Imprisoned Nobel Peace Prize Winner Liu Xiaobo Dies at Age 61

The human rights activist spent his final years in Chinese custody

Liu Xiaobo
Norwegian actress and director Liv Ullmann reads from the words of Liu Xiaobo when he was awarded the 2010 Nobel Peace Prize. Xiaobo was imprisoned and unable to accept the award. Marta B. Haga/MFA, Oslo

Liu Xiaobo, the Nobel Peace Prize-winning writer and activist who spent nearly the last decade of his life imprisoned by the Chinese government, has died at age 61, reports Chris Buckley for the New York Times.

Government officials announced late last month that Liu​ had been diagnosed with advanced liver cancer, Buckley writes.

Liu​ first came to prominence in 1989 as a leader in the Tiananmen Square protests that rocked Beijing. Then a university lecturer, Liu​ gained the trust of the student protesters through a 72-hour hunger strike. As Chinese troops violently cracked down on the movement, he helped persuade students to leave the square and is credited with saving thousands of lives, reports Harrison Smith for the Washington Post.
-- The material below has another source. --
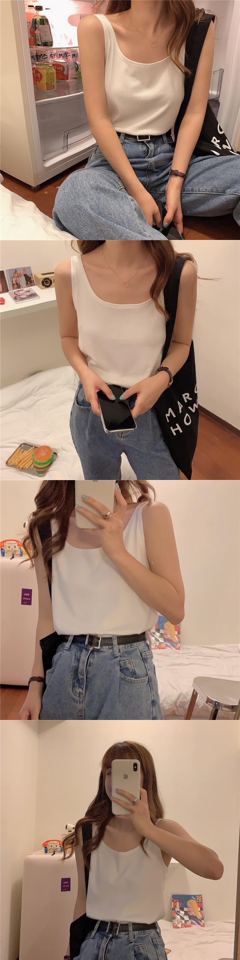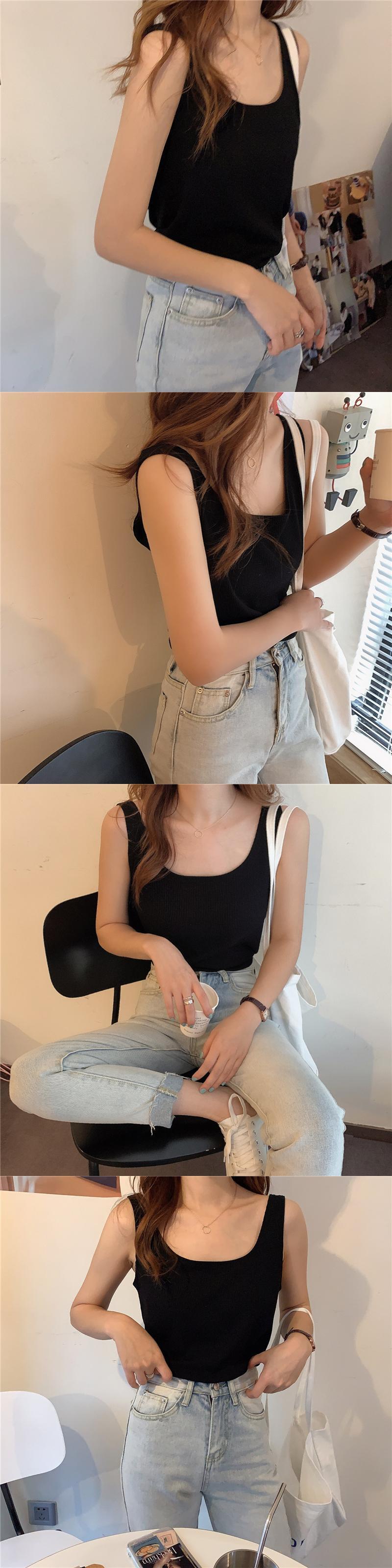 夏のヒョナの同じスタイルのキャミソールの女性は、無地のニットのボトミングトップを備えたトレンディで用途の広いスリムフィットのスーツを着ています タオタオイ44185124919

The Tiananmen Square protests earned Liu​ his first of four jail sentences. He also lost job and had his books of literary criticism banned in China. Nevertheless, Liu​ continued to write, Smith reports, publishing more than 1,000 essays by his own count, calling for political reform in China.

Liu's final arrest came in late 2008 after his heavy involvement in "Charter 08," a manifesto from Chinese intellectuals and activists calling for human rights and democracy in China. Though locked away unable to communicate with the world, Liu soon became a rallying cry worldwide for the human rights movement.

In 2010, Liu was awarded the Nobel Peace Prize "for his long and non-violent struggle for fundamental human rights in China." Because both he and his wife were unable to leave China to accept it, the citation and medal was placed on an empty chair at the Norwegian ceremony.

"The severe punishment imposed on Liu made him more than a central spokesman for human rights," Nobel committee chairman Thorbjørn Jagland said while presenting the award. "Practically overnight, he became the very symbol, both in China and internationally, of the struggle for such rights in China."